**** Data to examine ****

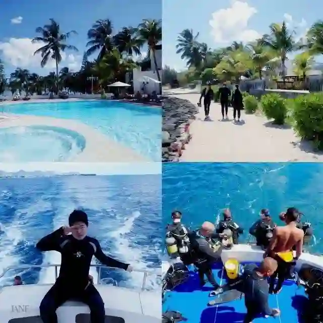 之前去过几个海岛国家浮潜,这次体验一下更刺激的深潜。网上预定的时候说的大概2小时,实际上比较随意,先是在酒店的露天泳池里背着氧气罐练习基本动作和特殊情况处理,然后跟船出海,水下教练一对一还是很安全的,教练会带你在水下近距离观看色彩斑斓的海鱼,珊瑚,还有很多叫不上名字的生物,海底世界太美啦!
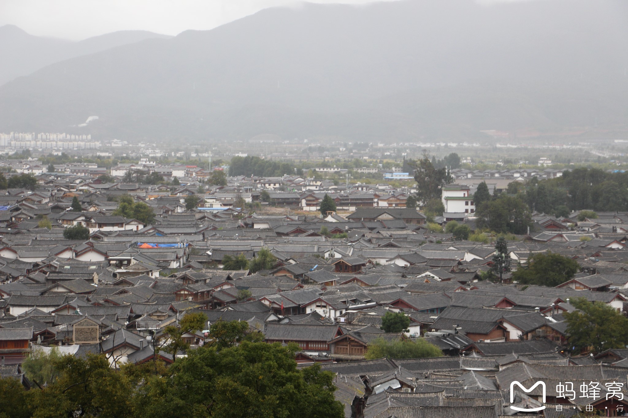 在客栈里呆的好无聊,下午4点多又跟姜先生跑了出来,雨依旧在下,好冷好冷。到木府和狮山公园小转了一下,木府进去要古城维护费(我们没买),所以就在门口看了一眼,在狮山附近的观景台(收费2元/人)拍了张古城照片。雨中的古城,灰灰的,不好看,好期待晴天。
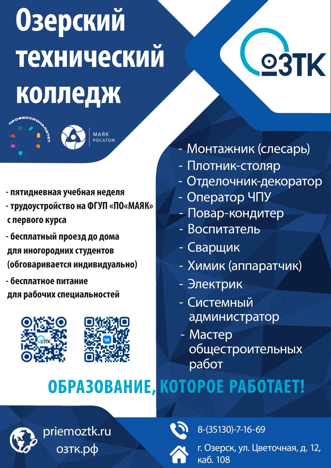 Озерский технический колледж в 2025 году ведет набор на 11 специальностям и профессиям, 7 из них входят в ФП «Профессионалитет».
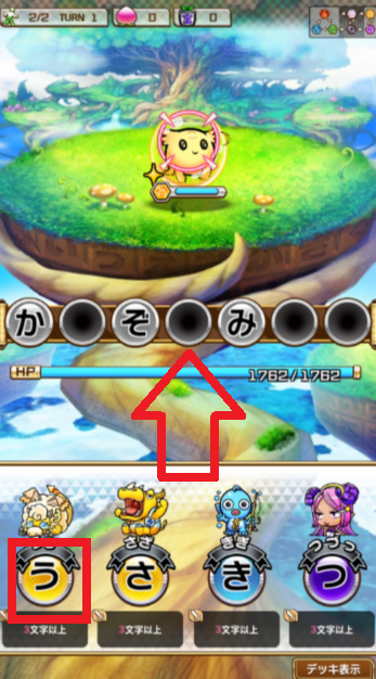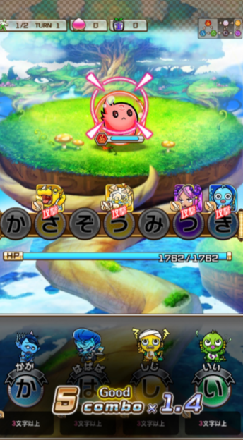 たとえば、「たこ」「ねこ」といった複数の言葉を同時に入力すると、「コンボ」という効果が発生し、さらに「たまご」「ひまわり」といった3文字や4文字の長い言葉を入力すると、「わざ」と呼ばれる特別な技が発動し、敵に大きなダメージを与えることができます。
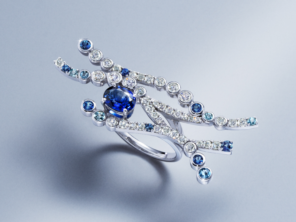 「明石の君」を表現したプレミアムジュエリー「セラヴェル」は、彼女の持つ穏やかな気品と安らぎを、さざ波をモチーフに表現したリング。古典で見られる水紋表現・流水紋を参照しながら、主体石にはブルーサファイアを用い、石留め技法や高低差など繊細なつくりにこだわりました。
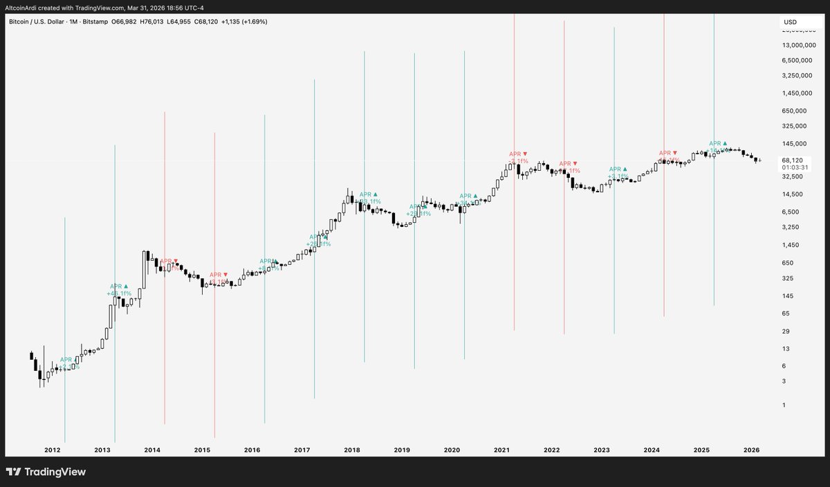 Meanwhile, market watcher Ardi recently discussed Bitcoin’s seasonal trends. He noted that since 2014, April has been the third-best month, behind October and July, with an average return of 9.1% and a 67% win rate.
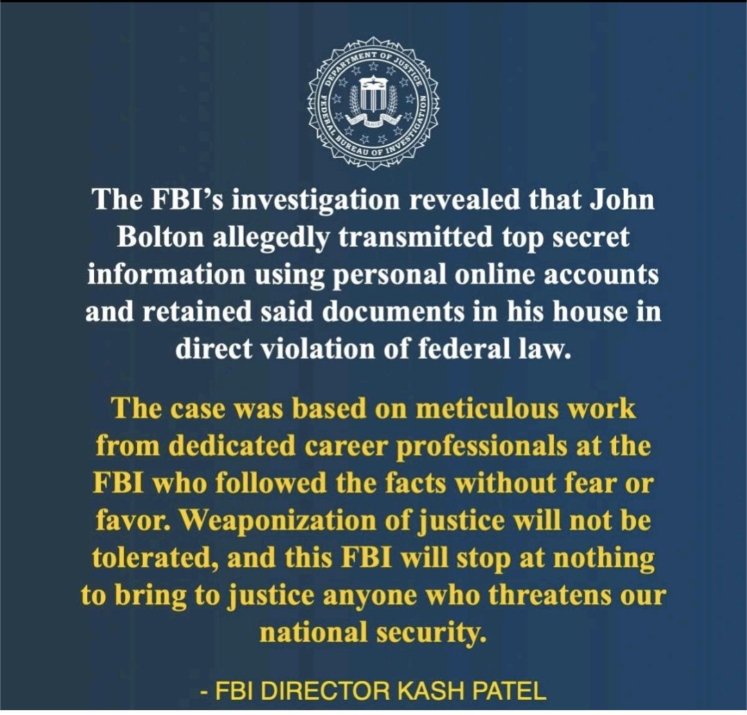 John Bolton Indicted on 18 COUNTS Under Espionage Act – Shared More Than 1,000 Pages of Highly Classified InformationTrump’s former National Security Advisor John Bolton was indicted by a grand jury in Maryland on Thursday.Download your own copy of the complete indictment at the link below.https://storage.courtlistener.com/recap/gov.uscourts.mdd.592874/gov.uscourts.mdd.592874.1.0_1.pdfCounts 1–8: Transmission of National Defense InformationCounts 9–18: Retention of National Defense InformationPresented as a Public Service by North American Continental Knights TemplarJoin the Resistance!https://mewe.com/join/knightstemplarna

****
**** Data to examine ****

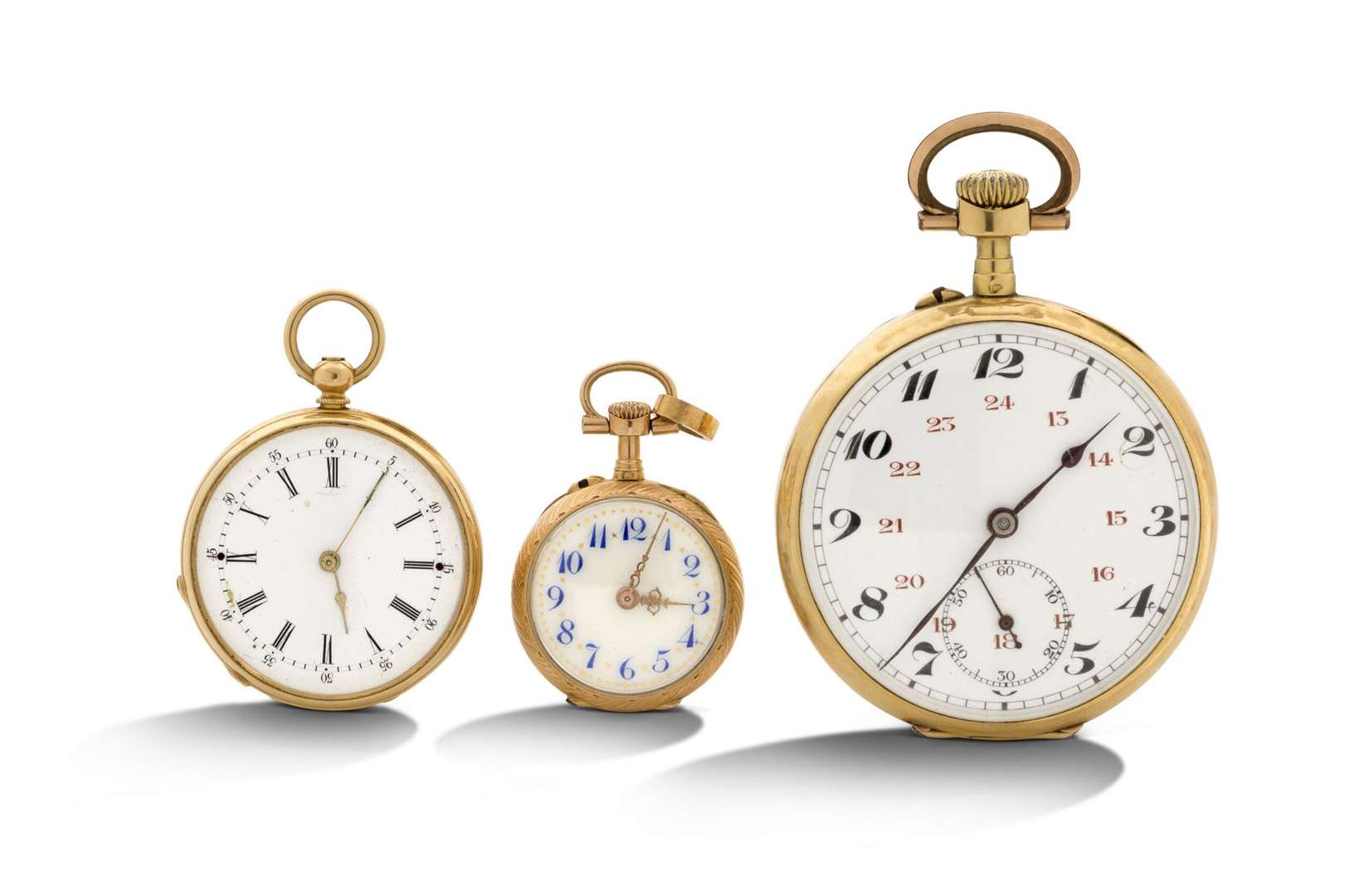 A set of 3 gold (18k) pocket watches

****

▶ **Task instructions**:
Quote word for word only the lines above from the one containing "Озерский технический колледж" through the one containing "たとえば、「たこ」「ねこ」と". Pictures stay out of your copy.

▶ **Task answer**:
 Озерский технический колледж в 2025 году ведет набор на 11 специальностям и профессиям, 7 из них входят в ФП «Профессионалитет».
 たとえば、「たこ」「ねこ」といった複数の言葉を同時に入力すると、「コンボ」という効果が発生し、さらに「たまご」「ひまわり」といった3文字や4文字の長い言葉を入力すると、「わざ」と呼ばれる特別な技が発動し、敵に大きなダメージを与えることができます。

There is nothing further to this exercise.